A process is called predetermined if its deterministic part depends only upon past observations:
\[x_{t+1}=\phi + \rho x_{t}+\varepsilon_{t+1} \ , \quad \varepsilon \sim \cal{N}(0,\sigma^2)\]Its dynamics will be expressed at the \(n\)-th iteration by: (jump to Appendix C for details) \[x_{t} = \color{teal} \sum_{i=0}^{n-1} \rho^{i} \phi+ \color{blue}\rho^{n} x_{t-n}+ \color{red}\sum_{i=0}^{n-1} \rho^{i} \varepsilon_{t-i} \tag{14}\]
If \(|\rho|<1 :\) stable solution If \(|\rho|>1 :\) no stable solution If \(|\rho|=1 :\) no solution
Forward-looking variables
A process is called forward-looking if its behavior depends on expected future realizations of its own or of any other variable:
\[y_{t}= \alpha +\beta \cdot \mathbb{E}_{t} y_{t+1}+ \theta x_t\]Its dynamics will be expressed at the \(n\)-th iteration by: \[y_{t} =\color{teal}\sum_{i=0}^{n-1} \beta^{i} \alpha+ \color{blue} \beta^{n} \mathbb{E}_{t} y_{t+n}+ \color{red} \sum_{i=0}^{n-1} \theta \beta^{i} \mathbb{E}_{t} x_{t+i} \tag{15}\]
If \(|\beta|<1 :\) stable solution
If \(|\beta| >1 :\) no stable solution
If \(|\beta|=1 :\) no solution
Forward-looking variables: a twist
Models with RE are difficult (if not impossible) to solve by pencil and paper.
We have to resort to the computer to “approximate” a solution for us.
We have to write the model with all variables at \(t+1\) on the left-hand side of the system’s state-space representation, and those at \(t\) on its right-hand side.
In this case, instead of using the equation: \(y_{t}=\alpha +\beta \cdot \mathbb{E}_{t} y_{t+1} + \theta x_{t}\)
We should use instead: \[\mathbb{E}_{t} y_{t+n} = -(\alpha/\beta) + (1/\beta)y_t - (\theta/\beta)x_t\]
So, if \(|\beta|<1 \Rightarrow |1/\beta| >1\): the stability condition becomes the inverse.
Therefore, if the model is written in this way, stability requires: \(|1/\beta| >1.\)

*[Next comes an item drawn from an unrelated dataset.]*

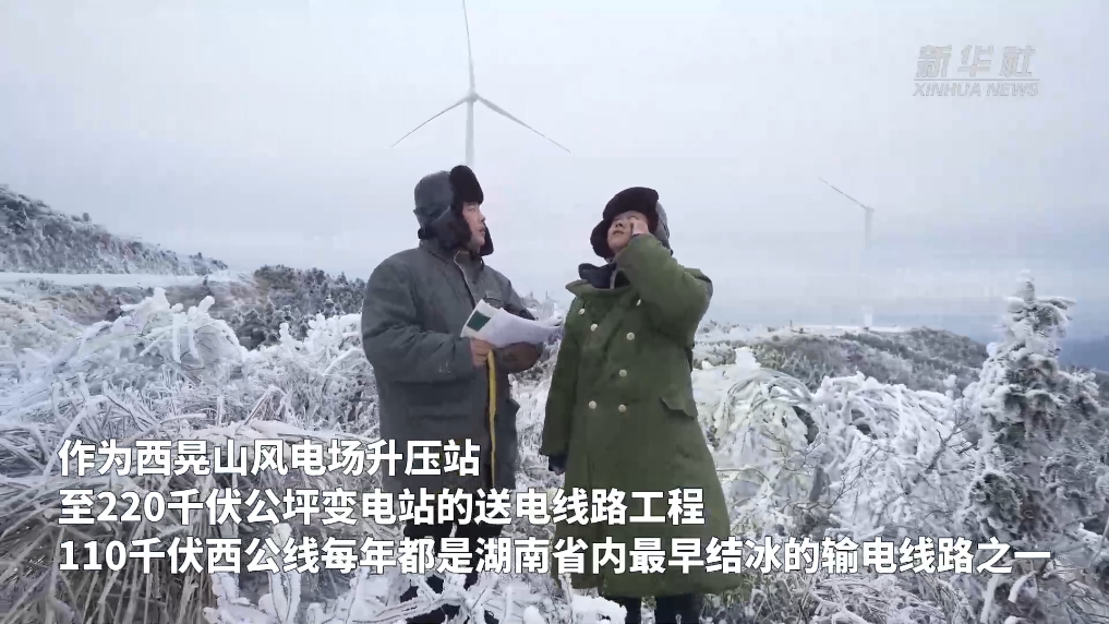 在湖南省懷化市麻陽苗族自治縣,每到冬季,海拔1420米的西晃山,平均有50多天是大風大霧、雨雪冰凍天氣。作為西晃山風電場升壓站至220千伏公坪變電站的送電線路工程,110千伏西公線每年都是湖南省內最早結冰的輸電線路之一。
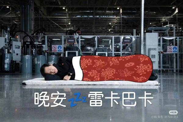 此前 11 月 13 日本,雷军发文称:网友催我到工厂拧螺丝。事实上,我经常去那里,今天一大早就到了。来得太早,在车间里又眯了一会儿。没想到,一觉醒来,10。 万台已完成!并且有一张躺在车间里的照片。传出后立即点爆网络,不少网友玩梗,五菱汽车总经理周金开更是效仿雷军躺在车间里。雷军也很接地气,自己也在微博下面留言说“车间的地板很干净”。

5. What is expecting us … ahead
A model with forward & backward-looking behavior
\[\begin{array}{lll} IS: & \hat{y}_{t} =\mathbb{E}_{t} \hat{y}_{t+1}-\frac{1}{\sigma}\left(i_{t}-\mathbb{E}_{t} \pi_{t+1}-r_{t}^{n}\right)+u_t \\ AS: & \pi_{t} =\mu \pi_{t-1}+\kappa \hat{y}_{t}+\beta \mathbb{E}_{t} \pi_{t+1} +s_t \\ MP: & i_{t}=\pi_{t}+r_{t}^{n}+ \phi_{\pi}\left(\pi_{t}-\pi_{t}^{*}\right)+\phi_{y} \hat{y}_{t} \\ \text {Shocks : } & r_{t}^{n} =\rho_r \cdot r_{t-1}^{n}+\varepsilon^r_{t} \ , \quad u_{t} =\rho_u \cdot u_{t-1}+\varepsilon^u_{t} \ , \quad s_{t} =\rho_s \cdot s_{t-1}+\varepsilon^s_{t} \end{array}\] * \(\{i,r_t^n,\hat{y},\pi, u_t, s_t,\varepsilon_t\}\): nominal interest rate, natural real interest rate, output-gap, inflation rate, demand shock, supply shock, and a random disturbance. * \(\{\sigma,\mu, \kappa, \beta,\phi_{\pi},\phi_{y},\pi_{t}^{*},\rho\}\) are parameters * Forward-looking variables: \(\hat{y}_{t}, \pi_{t}\) * Backward-looking variables: \(r_{t}^{n},u_t,s_t\) * Static variables: \(i_t\) * How can we solve this model? Using a computer. Next!
5. Readings
- There is no compulsory reading for this session. We hope that the slides and the notebook will be sufficient to provide a good grasp of the two types of expectations in macroeconomics.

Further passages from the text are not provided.